I did not grow up learning to cook from my Momma. No, the mention of cooking sent me fleeing outside to help my Daddy tune up the tractor, pull the sucker rod out of the windmill, or just about anything else. Despite my Momma’s best efforts, I left home with a 3 ring binder of recipes she prepared, some pots and pans too worn out for her to use, and no idea at all what I had to do to feed myself.
This was in the dark ages before microwaves became very common. Frozen dinners were still referred to as “TV dinners” and tasted like boiled cardboard. To make matters worse, there were not grocery stores on every corner or mail order ingredients on the internet. You made do with what local stores you had and ate what they carried or made things from scratch. I tended to make do.
Every once in a while, though, I had a burst of creativity. I lived with several dogs and started hanging out with the people who trained hunting dogs. Eventually, I came into the possession of two quail that had met a bad end. Quail are small, and one is about a meal for an adult. Knowing that such birds were considered delicacies, I purchased some marinade. I actually had the sense to read the ingredients I had to provide and realized it called for wine. I do not, and did not, drink, so had to purchase a bottle of wine just for the occasion. I got one that had a screw top cap for easy opening since I had no corkscrew, either.
The marinade I purchased was actually for chicken, there not being much call for quail marinade in those days. I got all the ingredients out and started to make the mix. It was the kind you cooked the poultry in so it did not have to be made ahead of time. That would be why I found myself unscrewing the wine bottle in the middle of mixing the marinade and finding out there was a cork under that cap. Now what?
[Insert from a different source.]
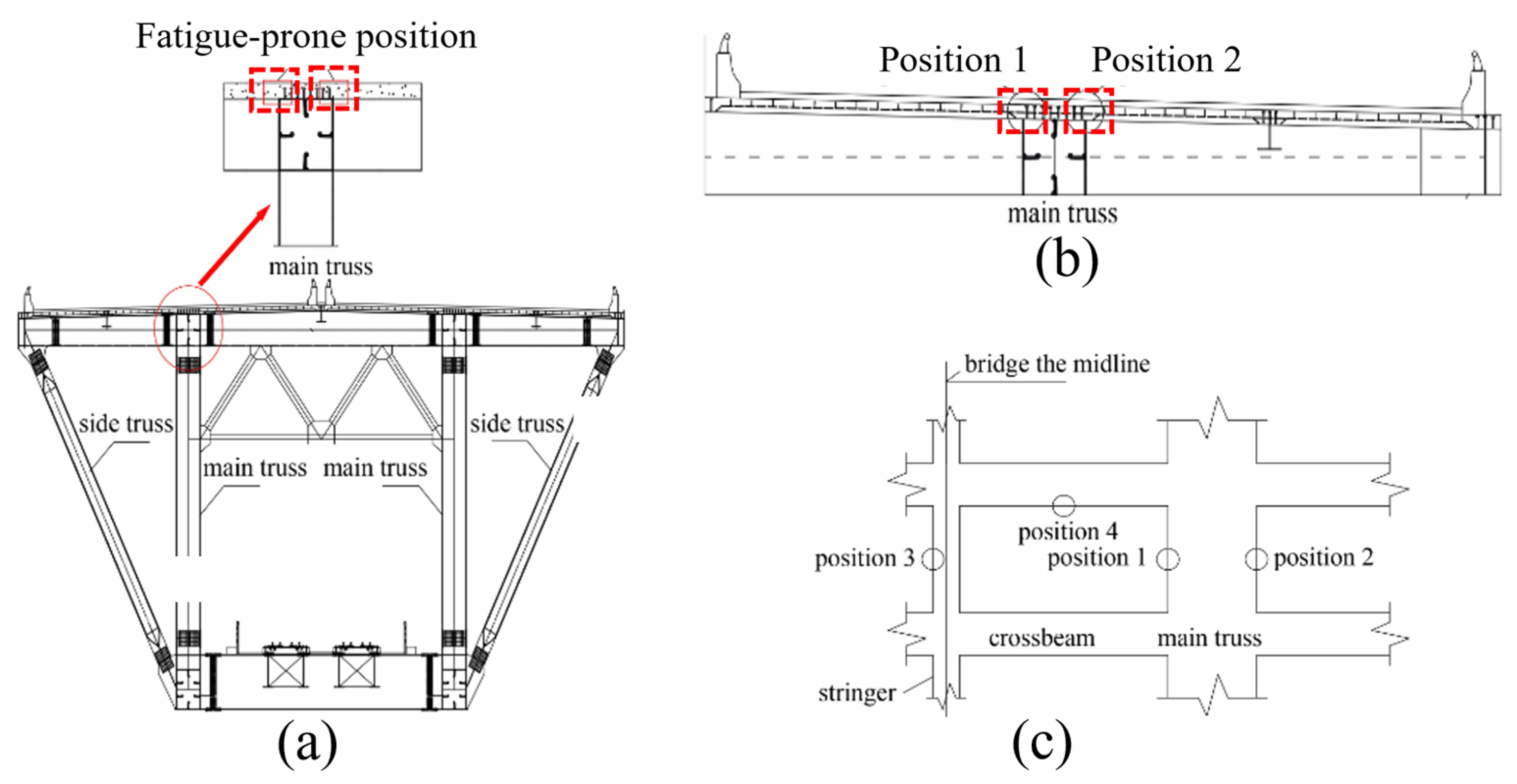 - Chen, H.T.; Zhan, X.W.; Zhu, X.F.; Zhang, W.X. Fatigue evaluation of steel-concrete composite deck in steel truss bridge—A case study. Front. Struct. Civ. Eng. 2022, 16, 1336–1350. [Google Scholar] [CrossRef]

I very carefully put the partly thawed quail up on top of the refrigerator. I then went to the bedroom closet and started tossing it for anything resembling a corkscrew. I was in a hurry, too, because I knew that one of the dogs would figure out how to scale that fridge given much time. I found a Swiss Army knife I didn’t carry because it had so much stuff on it the belt couldn’t hold my pants up with it in my pocket.
Hurrying back to the kitchen, I verified the quail were still present and accounted for. I worked for quite a bit to get the cork out, finally settling for drilling a hole through it that wine could come out of. After mixing the marinade, I discovered one casualty of my absence from the kitchen. The directions for the marinade had been consumed by one of the pointers who had snagged it when counter surfing. I was forced to call my parents for the temperature at which to set the oven and the amount of time it took to cook a “baby chicken.” They didn’t hold with hunting so I didn’t mention quail. If I had known more, I would have declared a Cornish hen, but if I had more sense, I wouldn’t have had the problem in the first place.
The quail was good. I found out later that my Daddy knew exactly what I was cooking and found the whole situation humorous. It is amazing how much smarter my parents have gotten as I have gotten older.